I don't think this is a reflection on the game itself, but instead it reveals something about how to manage a playtest group. It might have been a mistake to allow such a long time between this player's sessions of Municipality. I need to keep in mind that it is not enough to manage individual playtests. I must also manage the entire, months-long arc of playtesting, including the testers.

Below is a clip of the end of the playtest. I am in the lower-left corner and am using the light brown pieces.

Jun 14, 2010

NYC BGD Meeting - June 2010

I previously asked for opinions on a new, alternate way to show the interactions between building types in Municipality. The response was shockingly negative. Even though I was skeptical before I even showed it, the uniform response against basically obligated me to actually try it out. I was worried that this reaction was the effect of viewing the diagram in absence of the game itself.

I am not rarely accused of being a contrarian. I usually deny this.

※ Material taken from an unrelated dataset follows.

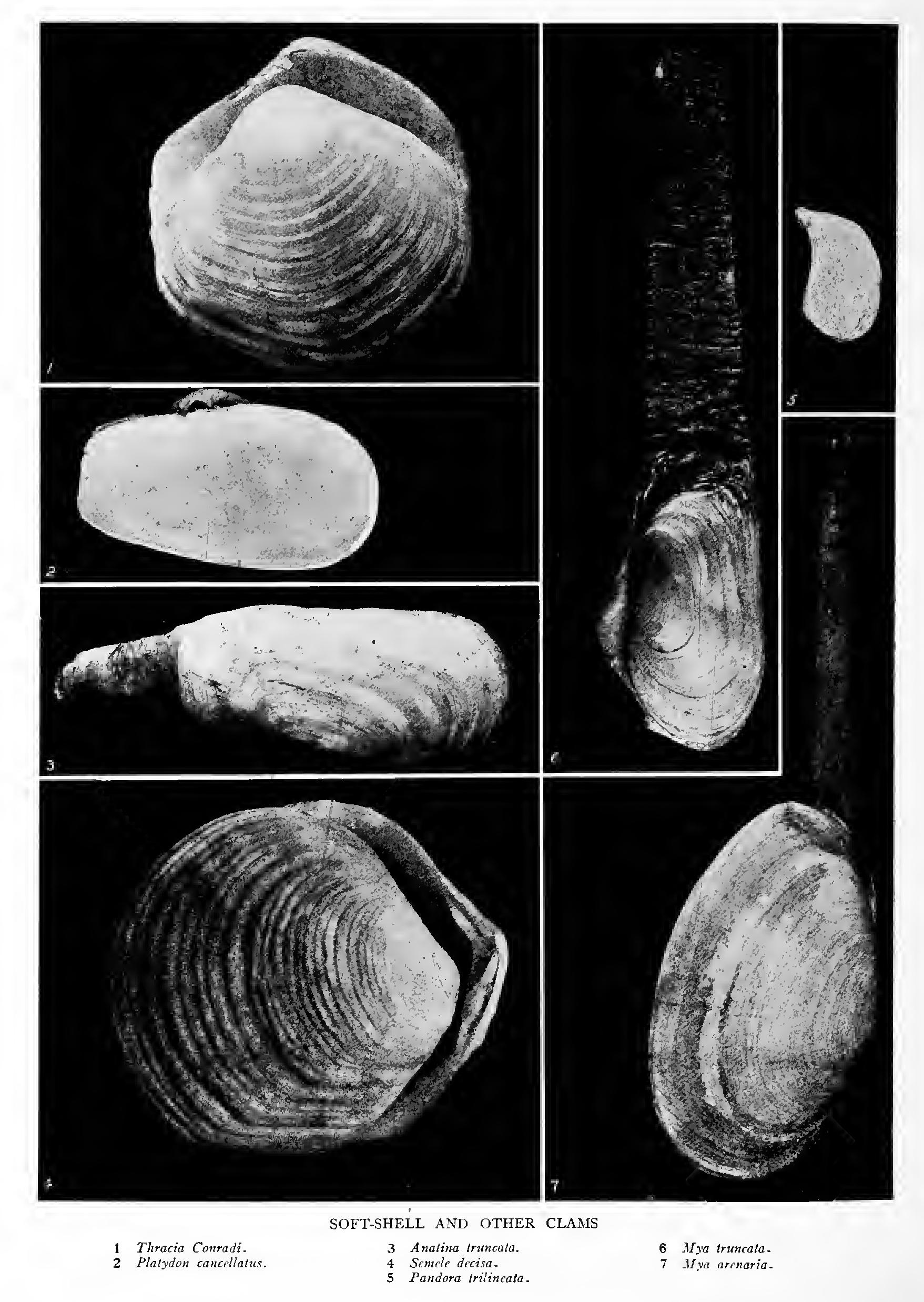 meris arcticus, Lam.) is found off New England coasts and dis tributed by way of Arctic seas to Norway and Asia. Its trape zoid shell is thick, and each valve is divided into equal triangular thirds by two raised ribs that diverge from the hinge. The squared posterior end is broad, but scarcely more so than the great siphon tube that emerges, wearing its tough, dark skin in wrinkles until it is stretched at full length. In New England a good average of these shells is three inches long. In Norway they grow somewhat larger.
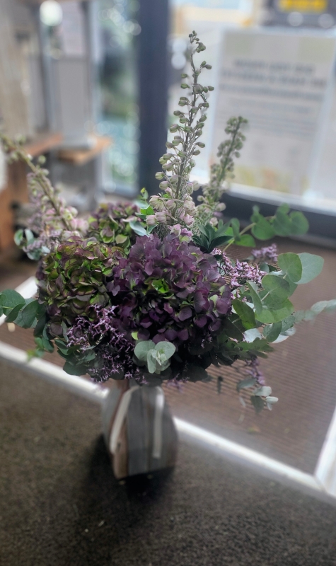 Luxury Hand-tied bouquet of large head purple hydrangea and delphinium finished with lilac limonium and eucalyptus.

This weekend the NYC board game designers met again and I used the occasion to see if this diagram is actually as bad as you guys claimed.

First game tested was Master Spy by Mark Salzwadel. There were some things I liked about this and some I didn't. It will surprise absolutely no one that I liked the analytical gameplay but hated the die rolling. That's just who I am.

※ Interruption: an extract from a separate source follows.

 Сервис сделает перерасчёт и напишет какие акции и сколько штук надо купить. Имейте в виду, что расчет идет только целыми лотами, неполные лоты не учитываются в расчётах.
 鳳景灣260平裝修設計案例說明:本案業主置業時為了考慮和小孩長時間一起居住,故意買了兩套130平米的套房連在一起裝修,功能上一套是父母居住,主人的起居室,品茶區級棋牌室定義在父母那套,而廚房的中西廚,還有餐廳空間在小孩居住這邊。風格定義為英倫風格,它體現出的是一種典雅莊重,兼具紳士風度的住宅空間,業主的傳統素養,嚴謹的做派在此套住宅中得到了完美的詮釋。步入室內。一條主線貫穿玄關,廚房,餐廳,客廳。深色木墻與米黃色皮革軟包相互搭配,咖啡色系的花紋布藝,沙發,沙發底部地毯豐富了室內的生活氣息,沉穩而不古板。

Next we tested Municipality. While I did have a couple of relatively minor gameplay changes from the previous test, I really wasn't interested in them. The game is mechanically where I want it to be and am generally more than happy with how it plays out. My top priority for this test was to see how best to present the growth information to the players.

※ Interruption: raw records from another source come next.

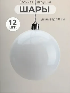 Набор шаров 10 см, пластик, белый, глянцевый, 12 шт
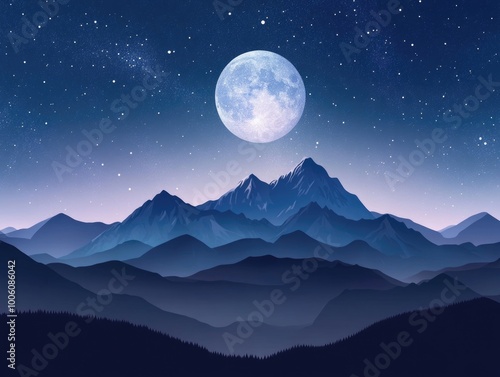 Fototapeta premium Mountain Range Under Full Moon
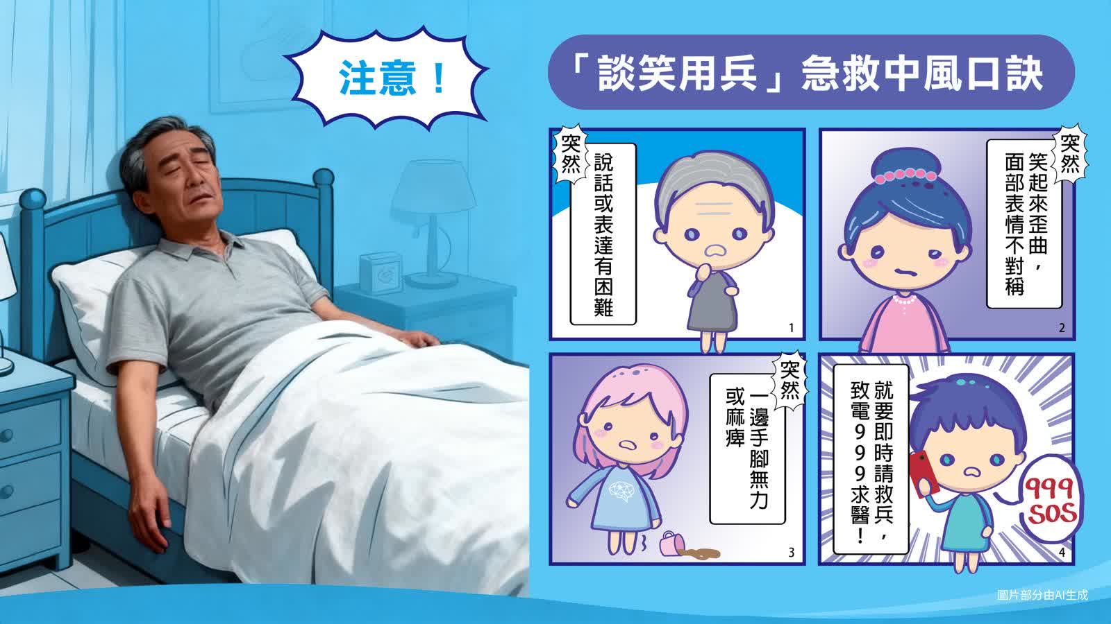 臨床上,筆者曾遇到一位神情無助的伯伯,吃力地詢問:「為甚麼前幾天睡午覺,醒來竟會中風?」再三追問後得知,當日午睡前,他感到左臂麻痺乏力,左臉輕微麻木。其實這些已是中風徵狀,需要立即求醫。
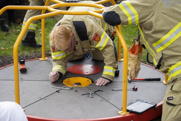 VELP – Op de Nieuwstraat in Velp heeft de brandweer vrijdagmiddag een cavia gered uit een speeltoestel.
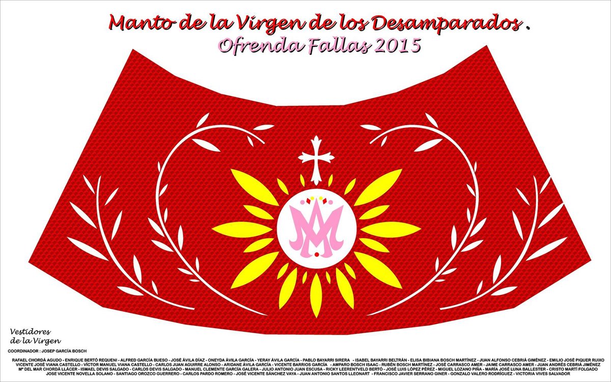 La Junta Central Fallera (JCF) ha presentado este martes la nueva imagen del manto del flores que se confeccionará con los ramos que los falleros aporten durante la Ofrenda de 2015.

To the right is what I used to test this. On it are both the original growth chart as well as the new diagram which was universally booed. In addition, I added something suggested in the comments of that prior post. Between the chart and the diagram I put a text description of the interactions. With all three methods presented on the same player card, I'd let the players play and discover the one to which they pay the most attention over the course of the game.

Here are my findings:
  • The diagram is utterly incomprehensible
  • The chart's blank spaces make it difficult to read
  • Text is by far the best method
This completely surprised me. I thought that people would recoil from the text and prefer the most visual method. I am wrong again.

After Municipality, we played Tristin's cash-accumulation game. I don't think my feedback was very useful, as I am too far from this game's target audience to be of much analytical help.

Next we tested a new version of Dan Cassar's game from last month. He has simplified the more-complicated scoring rules somewhat, but it still needs some tweaking.

That was followed up by another round of Master Spy, with different maps.

Finally, we tested an extremely early version of a drafting game by Dan. I can see where some interesting decisions can appear in this game, but it's mechanics make the decks players draft far too fragile.

Jun 13, 2010

Off-Topic: Grid Game

Via Boardgamenews, Grid Game is shallow, but I think the sound is what makes it astonishingly satisfying. Play it and you'll wake up an hour later not knowing where the time went.

It reminds me a lot of The Game of Life.

My best score so far is 1421. Can anyone top that?

Jun 7, 2010

The Blind Leading the Designer

It's about time for me to end development on Municipality and move on to other designs while I shop it around to publishers.

For this game, I'm going to do something I've never done before: a remote blind playtest.

A blind playtest is where the designer does not explain the game to the testers. Instead, the testers are given the prototype and a copy of the rulebook and they have to figure it out for themselves.

Although I have done blind playtests before, I have always been on hand to observe. This has had the advantage of being able to see in real time which sections of the rulebook were the least comprehensible, it has also resulted in my jumping in to prevent the players from using an incorrect interpretation during gameplay.

It has also meant that the blind test was conducted by people who knew me. This might have affected their parsing of my rules language.

This time, I want to see what happens when a group of people whom I have never met playtest Municipality outside of my presence.